# Not sure what to do



## Sajiri (May 9, 2012)

My husband and I have been married for about 3 months now, we met online (with no intention to have a relationship at the time) and things progressed from there. Our relationship has had it's ups and downs but has been overall good, my husband is very loving and supportive but it feels like some things are missing.

Namely, I was a virgin when we met, and I still am.

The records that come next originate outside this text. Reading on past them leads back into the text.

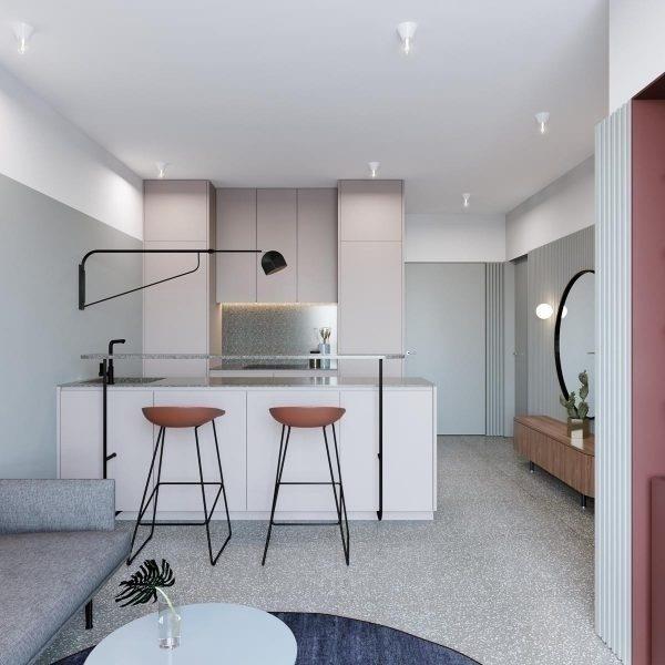 小小的公寓几乎是一览无遗,餐厨结合,格调中岛设计结合了餐桌,既做了完美的装饰,也提供了用餐的地方。开放式的厨房整洁,淡粉色梦幻而简约,又有几分温暖,恰好是个有爱的烹饪空间。
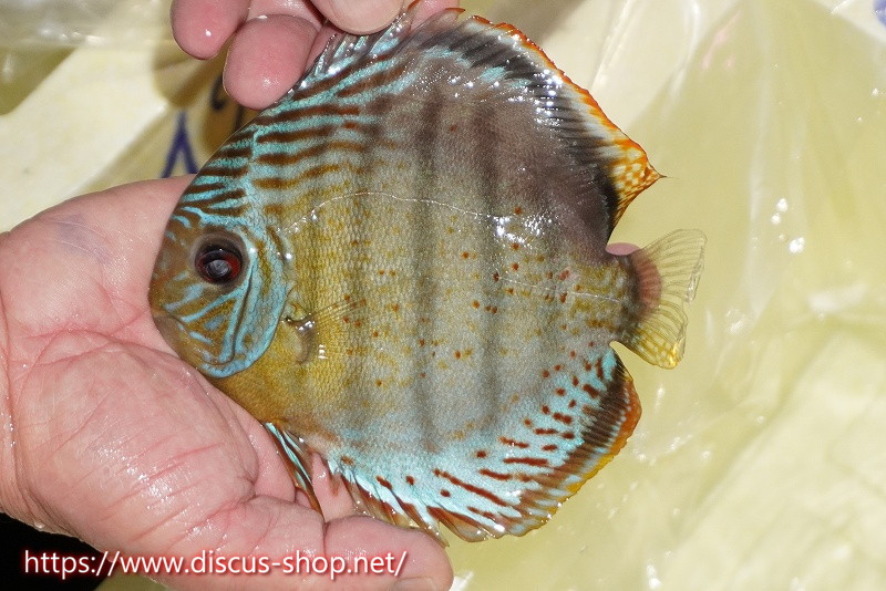 グリーンディスカスの中でも最もバリエーションが豊富でラージスポットタイプ、スポットラインタイプをはじめ、ロイヤルラインタイプなどの極上個体。またベースカラーの黄色、ホリゾンタルラインの青み、スポットの赤と最もカラフルな種となります。仕上がれば改良品種顔負けのど派手なパターンを持つ魅力的な産地の個体となります。
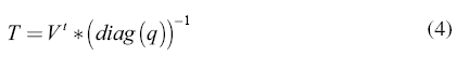 Donde Vt corresponde a la transpuesta de la matriz oferta y q a un vector columna de dimensiones n x 1 que se deriva de la misma matriz. Cada fila de este vector contiene el total de la oferta de cada producto.
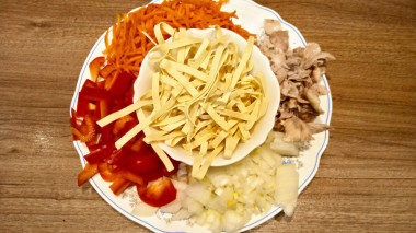 4. Параллельно с обжариванием курицы и овощей отварить домашнюю тонкую лапшу (можно заменить магазинными спагетти, а иногда в продаже попадается специальная лапша для лагмана) до полуготовности и слить лишнюю воду, откинув лапшу на дуршлаг.
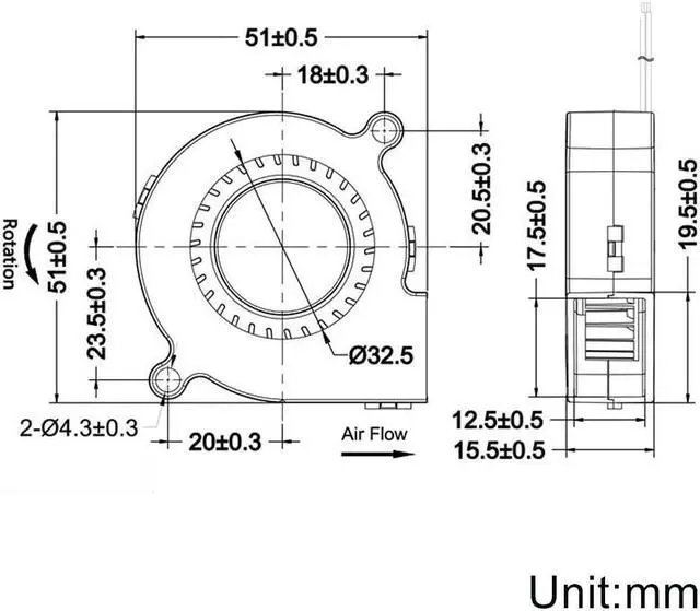 Packing List: 2 x 50mm Blower Fan 12v - Dual Ball Bearing, Connector
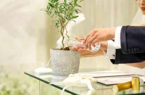 オリーブの木は”夫婦の木””幸せを運ぶ木”とも呼ばれております♡受付スペースにオリーブの木を飾り ゲストの皆様には土を植木鉢に入れていただきます。 そして挙式の際に新郎新婦様が仕上げをいたします。 平和を象徴するオリーブの木を植えることは”結婚式に来てくださった皆様が、これからも平和で幸せな日々が過ごせますように”という素敵な意味も込められております♪
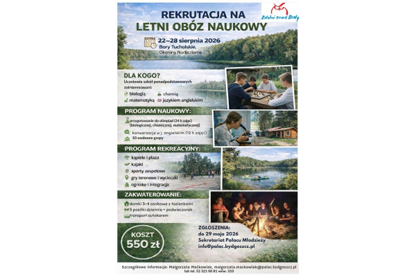 Obóz naukowy 2026 - rekrutacja Program "Zdolni znad Brdy"

Without going into the details of the past, I had some very bad experiences growing up that made me rather nervous about sex when older. My husband was always very understanding and never pressured me. We tried a couple times while dating, but because of other things going on in our lives at the time, I suppose I wasnt ready, and we agreed to simply wait. Despite that we were still pretty physical without going 'all the way.'

It feels like, though, since we've been married, he has no interest in me whatsoever when it comes to sex. I've made it clear to him I've been ready for a long time and want to, even before we married. At first I thought it was simply that we were stressed, he had just moved and had no job, no car, and my parents were pressuring him about those things. We worked through them one by one and I thought things would change, but he seems more interested in playing games on his computer or something. I talked to him about it, and he said he thinks we just aren't ready (He has had sexual partners before he met me so it's not a case of it for him) and that we should probably just go back to lots of foreplay to get me used to it. I agreed and yet, nothing has happened. A friend suggested I make the first move and come onto him, which I try, and he enjoys it but still does nothing. The moment I stop doing anything, even if its just to cuddle for a bit, its straight off to doing something else.

I was trying not to let the whole thing bother me aside from the fact I know he will pleasure himself when I'm asleep or out. I've told him that never bothered me when we weren't around each other, but when I'm there and he chooses to be on his own rather than do something with his own wife it feels like something is very wrong.

Overall it makes me feel unnattractive, that he isnt attracted to me sexually anymore, but when I ask him he assures me that's not the case. Im not sure why when we have just married he seems so uninterested in being sexual with me.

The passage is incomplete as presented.